Computes bivariate statistics between a continuous variable and a set of variables, possibly according to a strata variable.

contab(x, y, strata = NULL, weights = NULL, robust = TRUE,
       digits = c(1,3), na.rm = TRUE, na.value = "NAs")

Arguments

x

data frame. The variables which are described in rows. They can be numerical or factors.

y

factor. The categorical variable which defines subgroups of observations described in columns.

strata

optional categorical variable to stratify the table by column. Default is NULL, which means no strata.

weights

numeric vector of weights. If NULL (default), uniform weights (i.e. all equal to 1) are used.

robust

logical. Whether to use medians (and mads) instead of means (and standard deviations). Default is TRUE.

digits

vector of 2 integers. The first value sets the number of digits for medians, mads, means and standard deviations (categorical variables).

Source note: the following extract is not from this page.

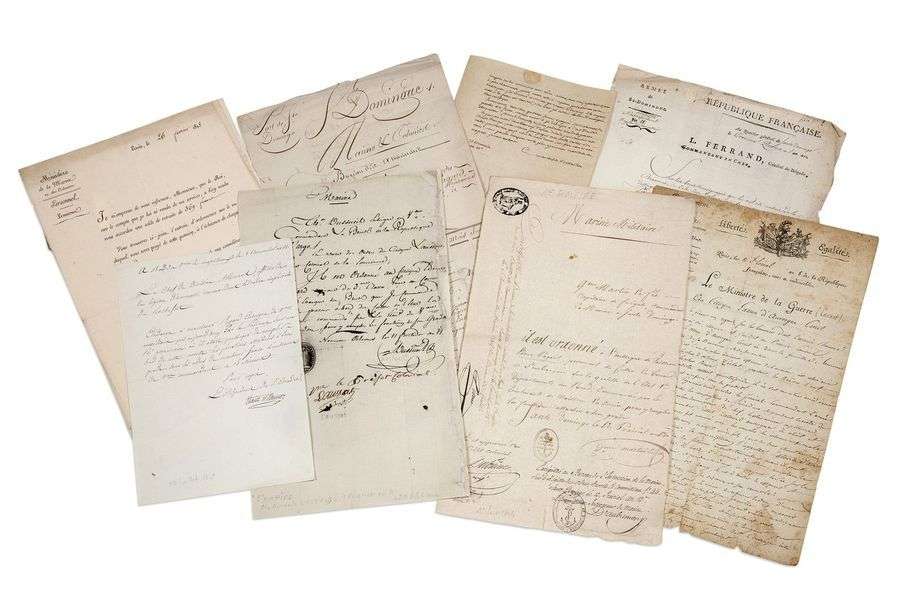[EMPIRE]. 16 Documents (Carnot), Rousselin de St-Albin 5, La Tour d'Auvergne, Dussueil, Willaumez, Cte Molé, certificats de marine militaire (4), vue aquarellée de la tombe de Napoléon à Ste Hélène

The second one sets the number of digits for slopes (continuous variables). Default is c(1,3). If NULL, the results are not rounded.

na.rm

logical, indicating whether NA values should be silently removed before the computation proceeds. If FALSE (default), an additional level is added to the categorical variables with NA values (see na.value argument).

na.value

character. Name of the level for NA category. Default is "NAs". Only used if na.rm = FALSE.

Details

For categorical variables in x, the function computes :

- column 1 : the median and the mad of y for each level of the variable

- column 2 : the global association between the variable and y, measured by the eta-squared

For continous variables in x, it computes :

- column 1 : the slope of the linear regression of y according to the variable

- column 2 : the global association between the variable and y, measured by Pearson and Spearman correlations

Value

An object of class gt_tbl.

Author

Nicolas Robette

Examples

data(Movies)
contab(x = Movies[, c("Genre", "ArtHouse", "Budget")],
       y = Movies$BoxOffice)